Excerpts from a dataset
▬▬▬
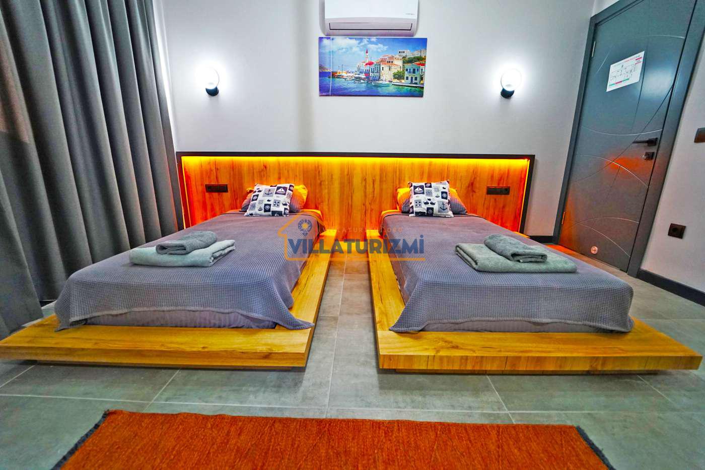 Villa Mamon Luxury, geniş aileler için uygun tatil villamız, 4 yatak odalı 8 kişi konaklama kapasitelidir. 4 yatak odasında 3 çift kişilik ve 2 tek kişilik yatak bulunmaktadır.
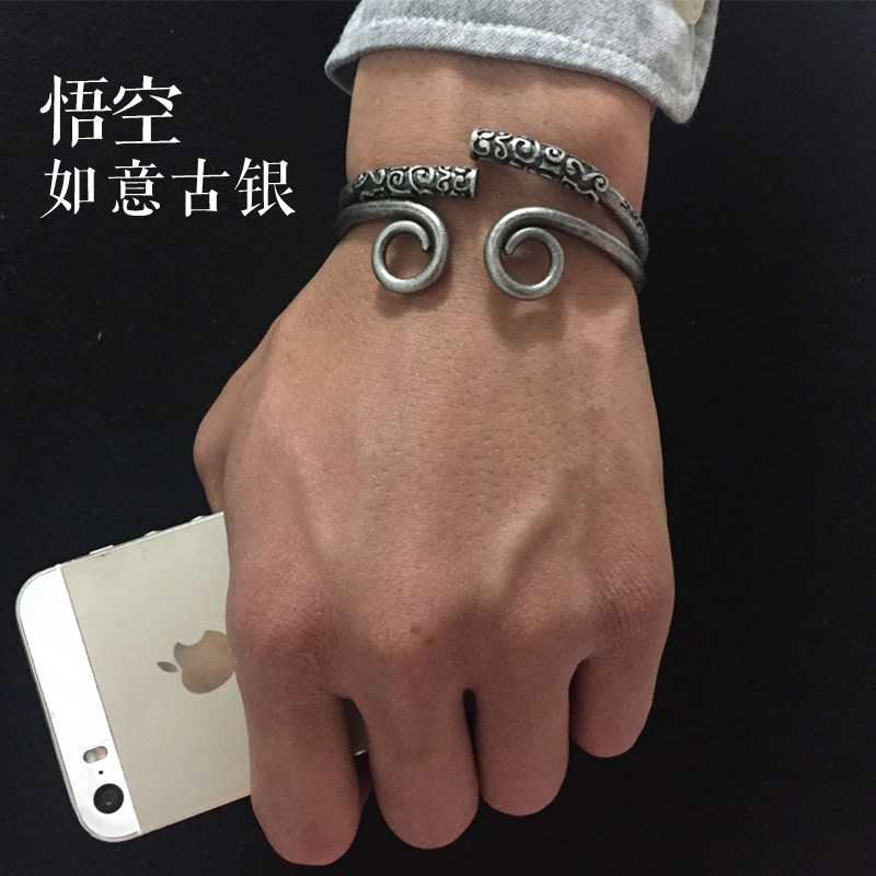 原创潮牌孙悟空钛钢紧箍咒手镯能量开口手环情侣金箍棒手镯戴荃
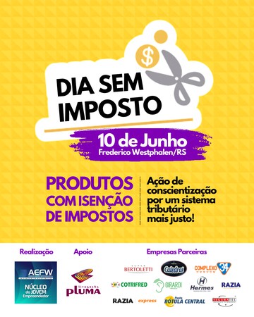 Organizada pelo Núcleo do Jovem Empreendedor da Associação Empresarial ACI/CDL, a ação Dia Sem Imposto acontecerá em Frederico Westphalen no próximo dia 10 de junho, com a participação de aproximadamente dez empresas locais. A ação é tradicional, realizada em todo o país e busca conscientizar as pessoas sobre a quantidade de tributos incidentes sobre produtos e serviços, levando a reflexão sobre a alta carga tributária no país e a devolutiva que a sociedade tem com os recursos aplicados nos diversos setores públicos.
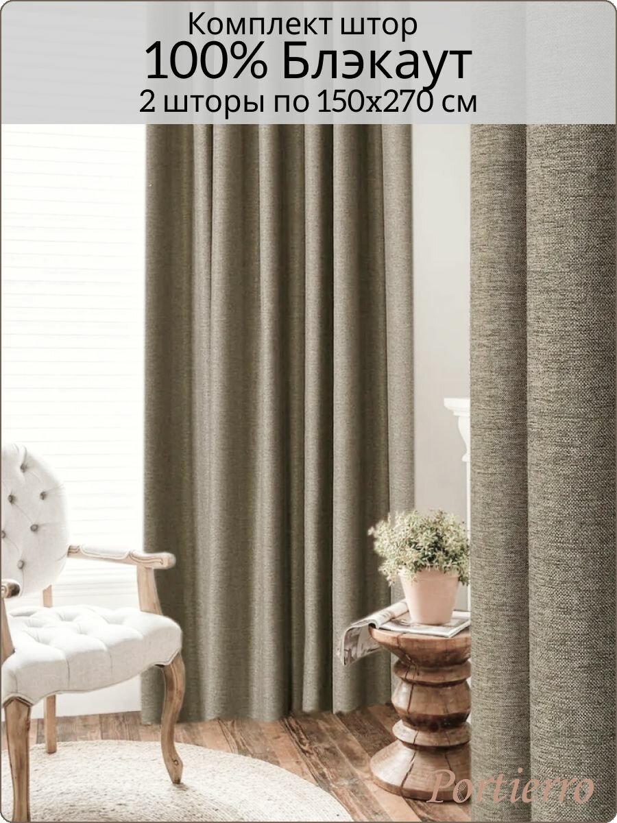 Комплект блэкаут портьерных штор 300x270 см, 2 штуки, рогожка, цвет: серо-коричневый, меланж
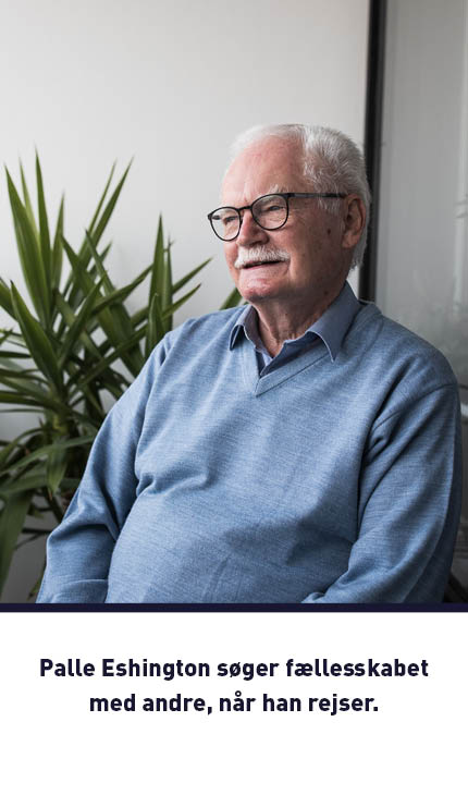 - Når man rejser sammen med andre, der også rejser alene, så er alle indstillede på at være åbne og blande sig med de andre. Modsat kan man føle sig isoleret og ensom, når man rejser alene sammen med en masse ægtepar, som har en tendens til at lukke sig om hinandens selskab, fortæller 75-årige Palle Eshington.
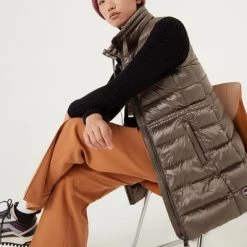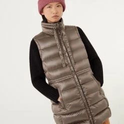 Vrouwen ; s mouwloze jas gemaakt van iriserende gerecyclede stof met waterafstotende behandeling. Opgevuld met zachte natuurlijke down. Modieus en verfijnd, het lange slanke vest heeft regelmatige quilts en trekkoord in de taille en nek. Draag het gekruld om het silhouet te benadrukken of rechtstreeks voor een sportievere uitstraling. De comfortabele en praktische zijzakken maken het een veelzijdig kledingstuk dat geschikt is voor het herfstseizoen. Zakken zakken zakken met ritssluiting met ritssluiting in de nek en in de taille natuurlijke veervulling waterafstotende behandeling colmar originelen logo linksonder toegepast
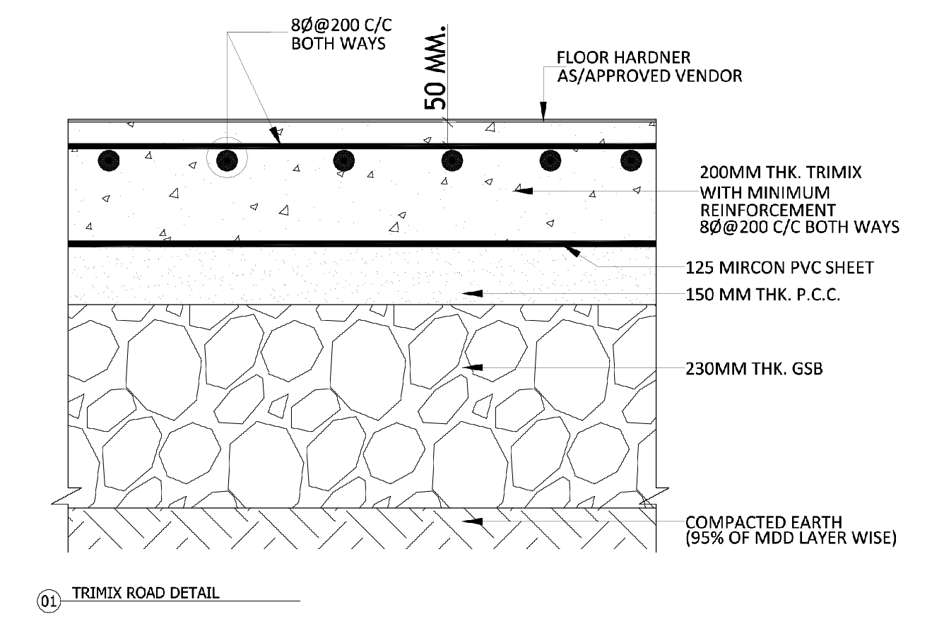Trimix Road Construction Detail Drawing With Reinforcement Layers
▬▬▬
_Task description_.
Repeat every entry above word for word, and include no pictures.

_Exercise response_.
 Villa Mamon Luxury, geniş aileler için uygun tatil villamız, 4 yatak odalı 8 kişi konaklama kapasitelidir. 4 yatak odasında 3 çift kişilik ve 2 tek kişilik yatak bulunmaktadır.
 原创潮牌孙悟空钛钢紧箍咒手镯能量开口手环情侣金箍棒手镯戴荃
 Organizada pelo Núcleo do Jovem Empreendedor da Associação Empresarial ACI/CDL, a ação Dia Sem Imposto acontecerá em Frederico Westphalen no próximo dia 10 de junho, com a participação de aproximadamente dez empresas locais. A ação é tradicional, realizada em todo o país e busca conscientizar as pessoas sobre a quantidade de tributos incidentes sobre produtos e serviços, levando a reflexão sobre a alta carga tributária no país e a devolutiva que a sociedade tem com os recursos aplicados nos diversos setores públicos.
 Комплект блэкаут портьерных штор 300x270 см, 2 штуки, рогожка, цвет: серо-коричневый, меланж
 - Når man rejser sammen med andre, der også rejser alene, så er alle indstillede på at være åbne og blande sig med de andre. Modsat kan man føle sig isoleret og ensom, når man rejser alene sammen med en masse ægtepar, som har en tendens til at lukke sig om hinandens selskab, fortæller 75-årige Palle Eshington.
 Vrouwen ; s mouwloze jas gemaakt van iriserende gerecyclede stof met waterafstotende behandeling. Opgevuld met zachte natuurlijke down. Modieus en verfijnd, het lange slanke vest heeft regelmatige quilts en trekkoord in de taille en nek. Draag het gekruld om het silhouet te benadrukken of rechtstreeks voor een sportievere uitstraling. De comfortabele en praktische zijzakken maken het een veelzijdig kledingstuk dat geschikt is voor het herfstseizoen. Zakken zakken zakken met ritssluiting met ritssluiting in de nek en in de taille natuurlijke veervulling waterafstotende behandeling colmar originelen logo linksonder toegepast
Trimix Road Construction Detail Drawing With Reinforcement Layers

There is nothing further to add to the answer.